Sporla müziğin iç içeliğini oyunun da bir ritmi olduğuna bağlayabiliriz tabi fakat popüler kültürün efsaneler için bir şeyler üretmesi gerek. Metin Oktay, döneminin hatta günümüzün bile en saygı duyulan futbolcusu. Sahada attığı goller kendisi için şarkılar yazılmaya varacak kadar görsel bir şölen.

Metin Oktay’ın en popüler olduğu 1960’lı yıllarda kendisini sadece yeşil sahalarda görmüyor beyaz perdede de izliyoruz, plaklardan da adını duyuyoruz. Sadece futbol sahalarıyla sınırlı kalmayan bu popülerlik müzik sahalarında da kendisini gösteriyor. O meşhur ağları delen golü ile, oyun şekliyle şarkılara konu oluyor.

1965’te Ezgi Plak tarafından Spor Serisi’nin ikinci plağı Metin Oktay için hazırlanıyor. İlki, Vasfi Uçaroğlu Orkestrası’nın yaptığı “Şampiyonlar Şarkısı” Fenerbahçe için yapılmış. Ülkemizde futbolcular için yapılmış bestelere rastlamak zor, Metin Oktay bunun ilk örneği. Halit Kıvanç, maç anlatışı esnasında “Metin gol Metin gol” tekrarlarından ritme ve tempoya kapılıp  bir şiir yazar. Metin Geliyor Metin’in sözlerini yazıp besteci Şevket Uğurluer’e verir. Şevket Uğurluer ve Arkadaşları’nın seslendirmesiyle plağın bir yüzünde Kral Metin şarkısı diğer yüzünde ise Halit Kıvanç anlatımıyla Kralın Golleri yer alır. Şarkıda;

Füze şutunun hızı sözleriyle Romanya kalesine 40 metre uzaklıktan gönderdiği şuttan ve şutlarının hızından,
Ağlar bile delindi Metin topa vuralı sözleriyle Fenerbahçe’ye attığı golün ağları delmesi ve toplarının sertliğinden, 

Rengi sarı kırmızı sözleriyle de Galatasaray’da oynadığından bahsedildiğini anlıyoruz.

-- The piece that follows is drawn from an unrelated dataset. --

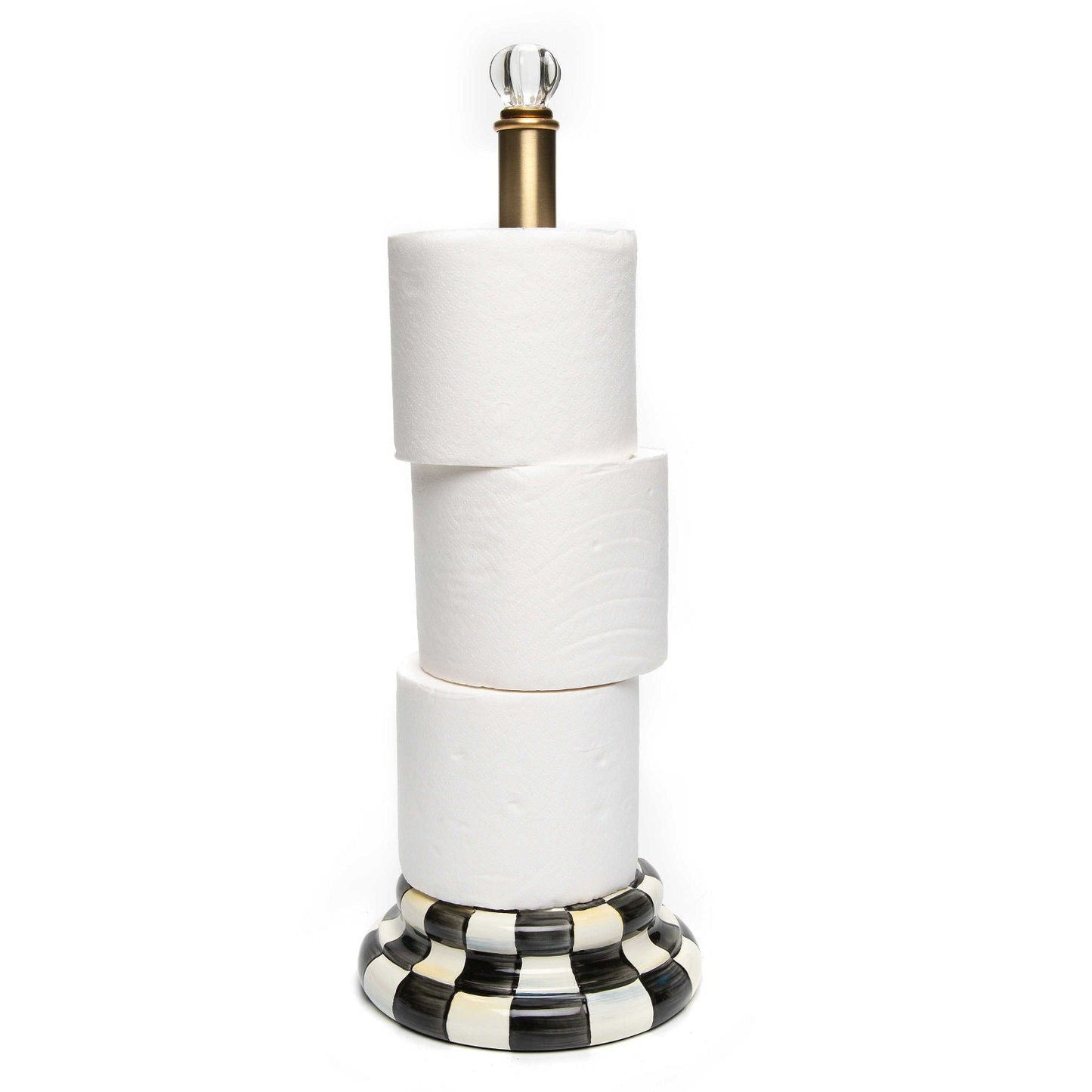 Keep the essentials stylishly handy with the Courtly Check® Enamel Toilet Tissue Storage. Made of heavy-gauge steel and decorated with hand-painted Courtly Check and a glass knob finial, it holds three rolls.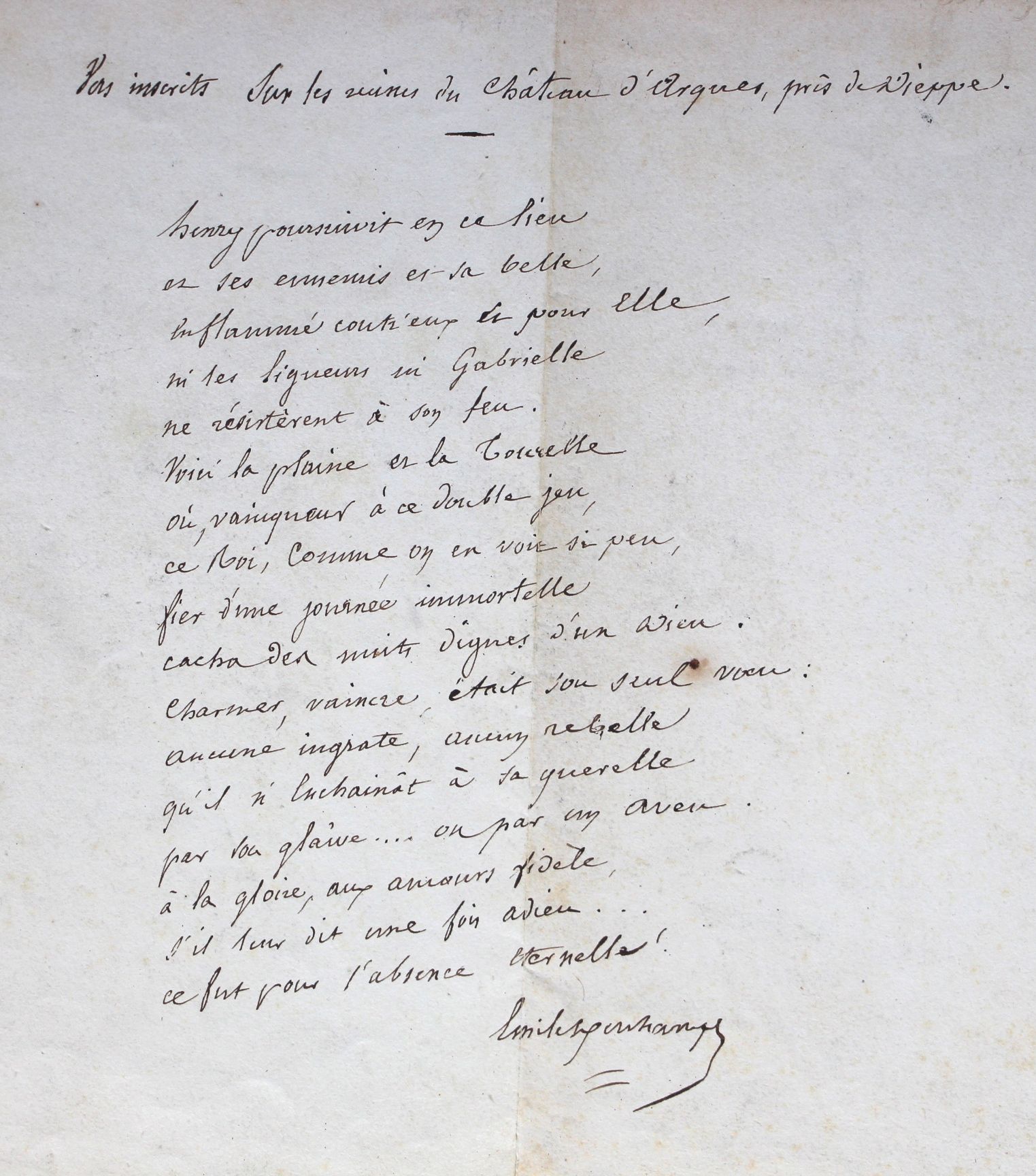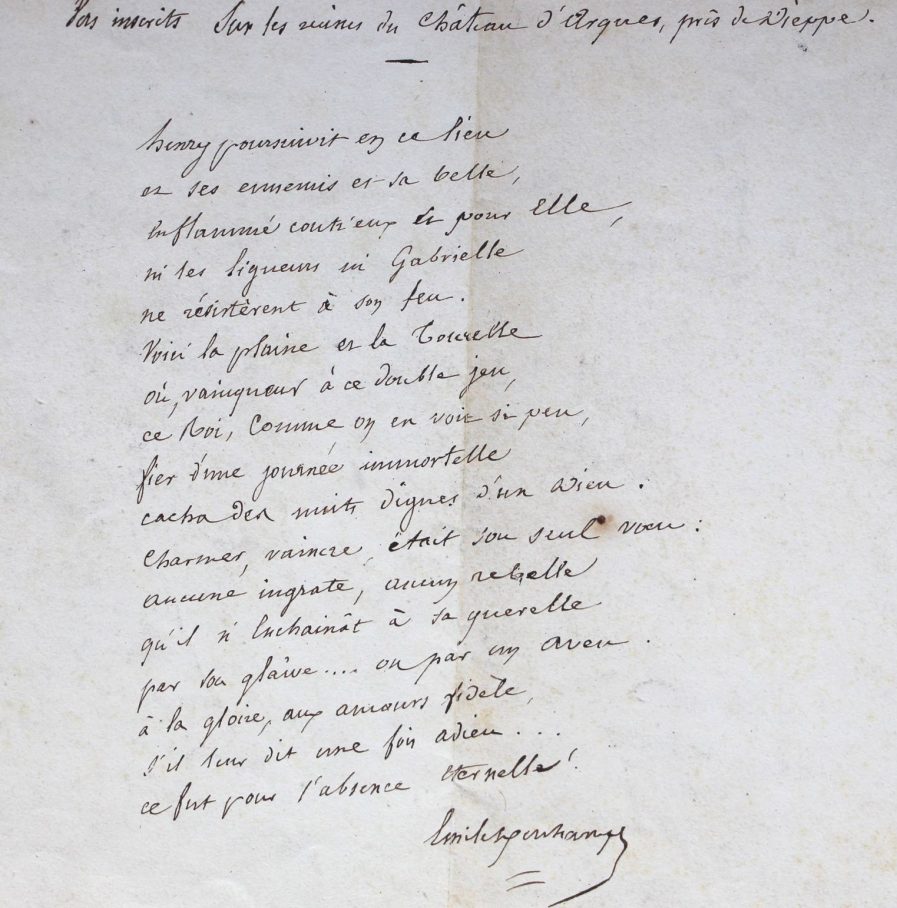 Manuscrit complet de la fable russe traduite par Emile Deschamps, L'âne et le Rossignol, parue dans le Tome II (pp. 292-293) des "Fables russes tirées du recueil de M. Kriloff et imitées en vers français et italiens par divers auteurs [...]" publiées par le comte Orloff, en 1825. Au dos, un autre texte en vers signés Emile Deschamps : "Vers inscrits sur les ruines du château d'Arques, près de Dieppe". Ces deux poèmes ont été publiés en 1826 dans les Annales romantiques, respectivement pages 303 et 135.

Şarkı, hareketli ve batılı bir melodik yapıyla bestelenmiş. Koro ile yapılan vokallerin tezahüratvari bir söylemle akılda kalıcılığı ve ezberi kolaylaştıran yapısıyla tribünlere uygun bir şarkı. 1960’ların batı tarzı ve biraz da rock’n roll havasını hissettiriyor. Sporda imza hareketler dediğimiz çoğu hareketi müzikle destekleme isteği ortaya çok erken çıkmış fakat uzun soluklu olamamış. Spor dünyasının kültürel ikonlarıyla görsel, işitsel ve yazılı bir hafıza oluşturmak spor tarihi için önemli bir yol. Spor Plakları kısa ömürlü bir seri olur, Metin Oktay’ı sadece futbol kitlesiyle sınırlı kalmayan bir bilinirliğe ulaştırır fakat bu seri Metin Oktay’ın popülerliğinden pek bir fayda sağlayamaz. 

Metin Oktay’ın Serbest Atışı ise son maçı Şekerspor’a karşı, maçın ikinci yarısında kaleye yirmi beş metre mesafeden topu 90’dan kaleye göndermiş olmasıdır.